#### WORK TASK
Look below for the line that has "El diseño incluye"; output exactly from it through the line that has "The room was", and leave the pictures out.

#### THE DATA
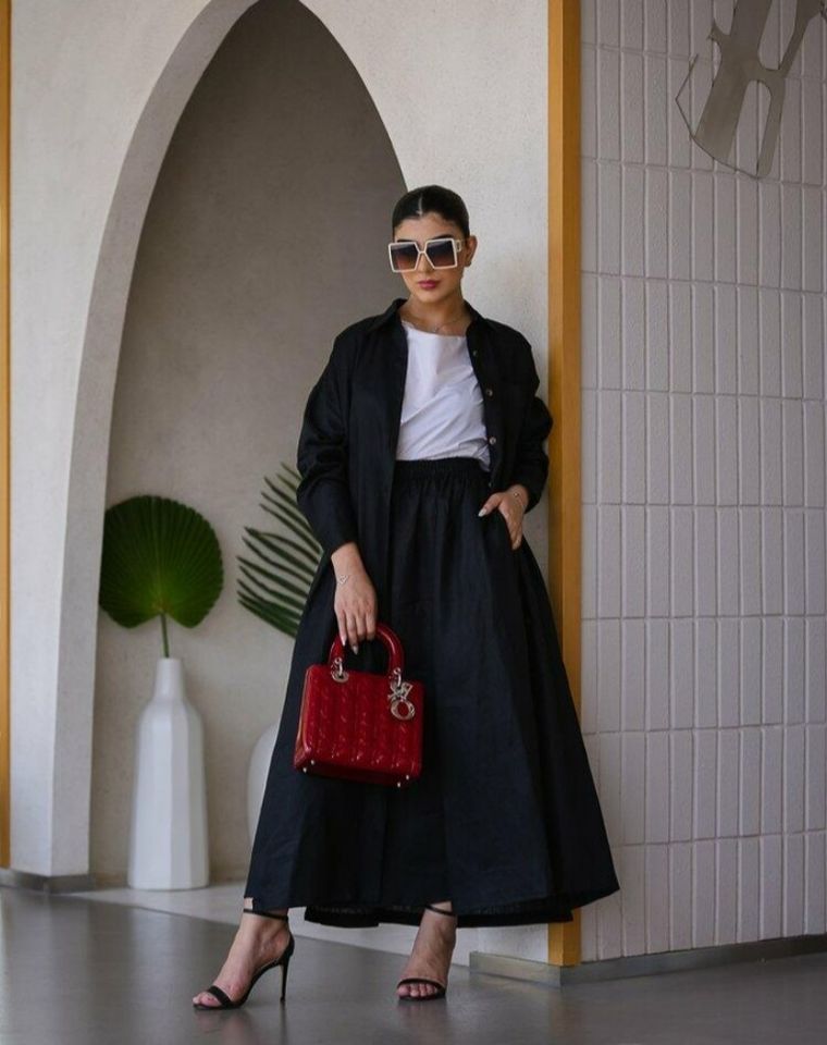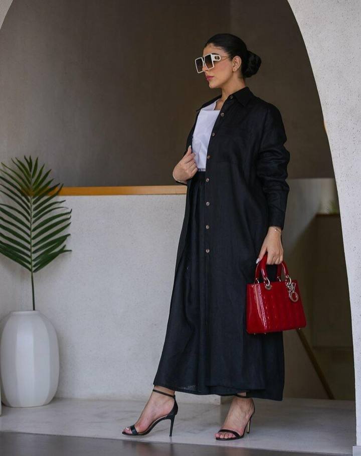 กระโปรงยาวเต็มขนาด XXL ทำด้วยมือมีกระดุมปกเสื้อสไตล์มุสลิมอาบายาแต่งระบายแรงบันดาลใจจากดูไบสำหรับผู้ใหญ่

* * *

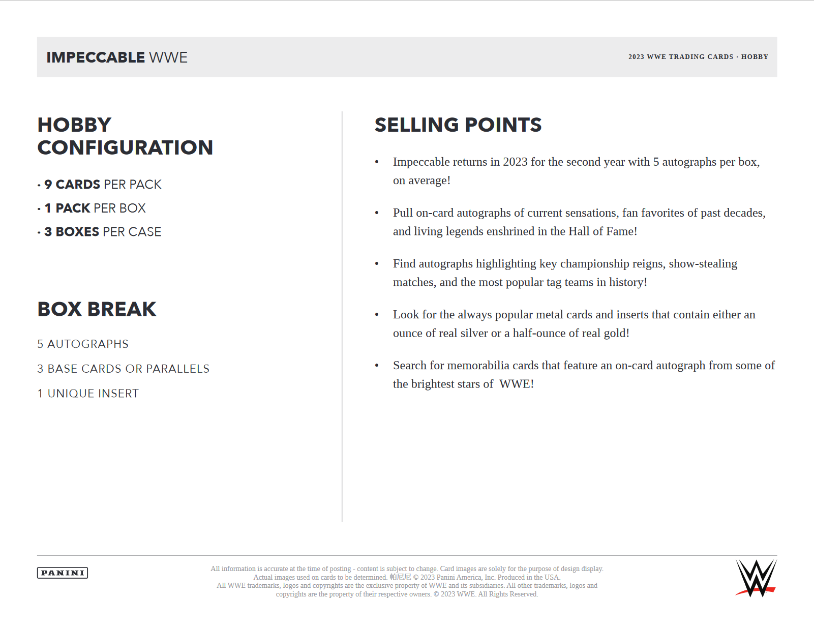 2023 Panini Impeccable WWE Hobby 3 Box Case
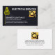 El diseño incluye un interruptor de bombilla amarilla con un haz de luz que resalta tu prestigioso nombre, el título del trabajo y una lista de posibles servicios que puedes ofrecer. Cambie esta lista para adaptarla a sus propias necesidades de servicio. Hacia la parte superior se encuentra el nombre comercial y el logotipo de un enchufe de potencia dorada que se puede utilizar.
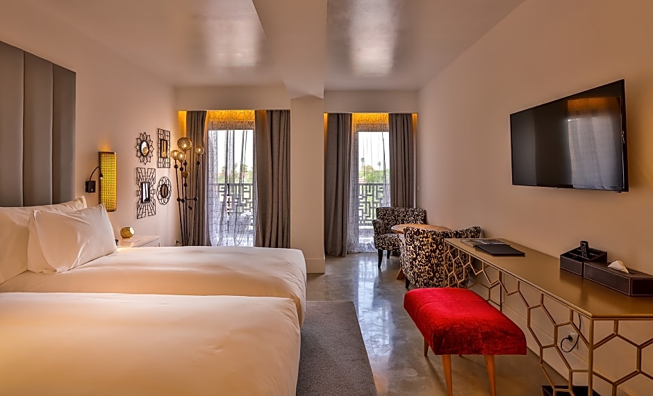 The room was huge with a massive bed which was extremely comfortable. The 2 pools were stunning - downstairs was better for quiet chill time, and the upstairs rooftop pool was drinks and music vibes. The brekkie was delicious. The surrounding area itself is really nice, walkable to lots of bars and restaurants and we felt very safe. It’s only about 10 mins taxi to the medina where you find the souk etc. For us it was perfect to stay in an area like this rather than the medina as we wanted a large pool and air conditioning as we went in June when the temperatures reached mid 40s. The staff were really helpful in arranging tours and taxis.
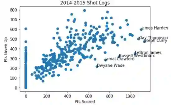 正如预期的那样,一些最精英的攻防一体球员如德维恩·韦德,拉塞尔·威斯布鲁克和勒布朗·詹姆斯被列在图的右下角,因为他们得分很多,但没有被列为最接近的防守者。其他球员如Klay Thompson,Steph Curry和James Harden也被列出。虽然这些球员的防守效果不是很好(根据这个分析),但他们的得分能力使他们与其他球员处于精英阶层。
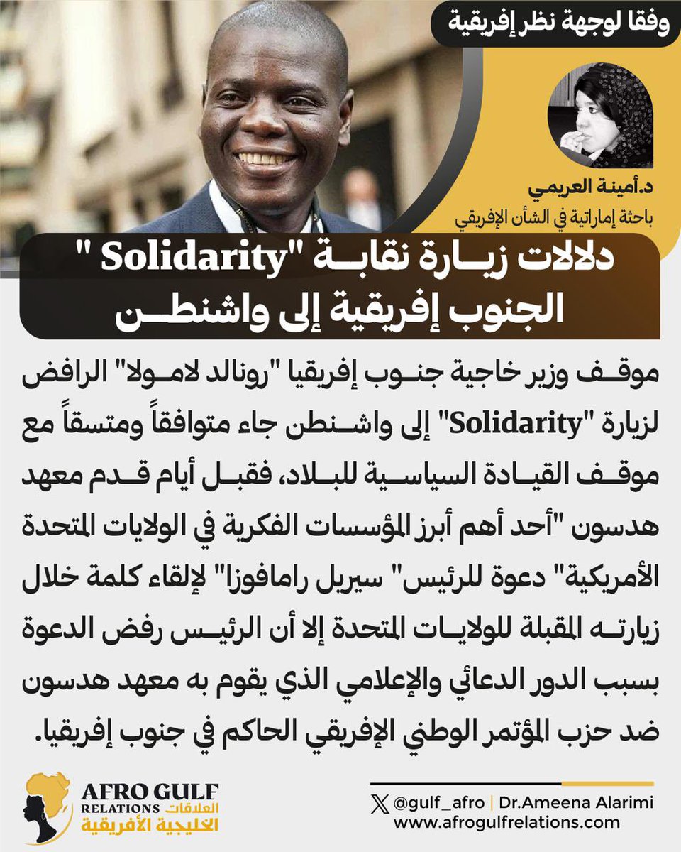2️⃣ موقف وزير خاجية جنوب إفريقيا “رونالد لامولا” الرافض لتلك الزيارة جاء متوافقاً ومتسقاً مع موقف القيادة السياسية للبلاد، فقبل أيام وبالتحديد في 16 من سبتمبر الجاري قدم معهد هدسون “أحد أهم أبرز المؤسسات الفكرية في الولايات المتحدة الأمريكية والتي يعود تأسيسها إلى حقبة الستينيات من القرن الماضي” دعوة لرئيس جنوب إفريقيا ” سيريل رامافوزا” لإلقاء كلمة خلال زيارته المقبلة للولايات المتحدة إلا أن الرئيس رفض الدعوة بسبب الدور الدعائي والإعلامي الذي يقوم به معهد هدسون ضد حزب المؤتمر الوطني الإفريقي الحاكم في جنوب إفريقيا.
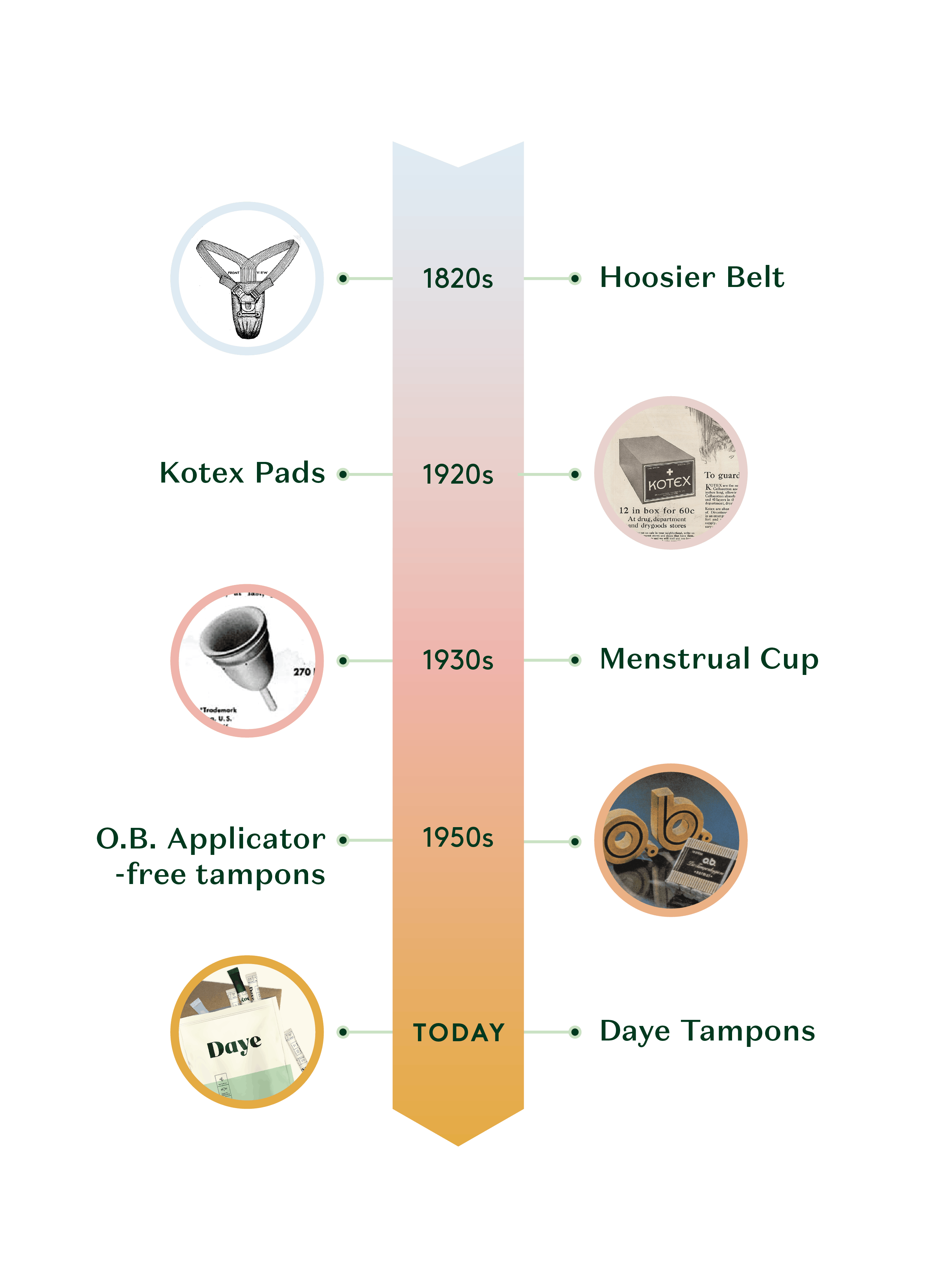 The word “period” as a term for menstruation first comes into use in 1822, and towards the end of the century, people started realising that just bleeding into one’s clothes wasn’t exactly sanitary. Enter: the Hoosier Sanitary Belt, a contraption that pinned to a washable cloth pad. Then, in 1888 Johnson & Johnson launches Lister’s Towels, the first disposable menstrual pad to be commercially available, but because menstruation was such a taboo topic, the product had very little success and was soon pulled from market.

#### PROBLEM SOLUTION
 El diseño incluye un interruptor de bombilla amarilla con un haz de luz que resalta tu prestigioso nombre, el título del trabajo y una lista de posibles servicios que puedes ofrecer. Cambie esta lista para adaptarla a sus propias necesidades de servicio. Hacia la parte superior se encuentra el nombre comercial y el logotipo de un enchufe de potencia dorada que se puede utilizar.
 The room was huge with a massive bed which was extremely comfortable. The 2 pools were stunning - downstairs was better for quiet chill time, and the upstairs rooftop pool was drinks and music vibes. The brekkie was delicious. The surrounding area itself is really nice, walkable to lots of bars and restaurants and we felt very safe. It’s only about 10 mins taxi to the medina where you find the souk etc. For us it was perfect to stay in an area like this rather than the medina as we wanted a large pool and air conditioning as we went in June when the temperatures reached mid 40s. The staff were really helpful in arranging tours and taxis.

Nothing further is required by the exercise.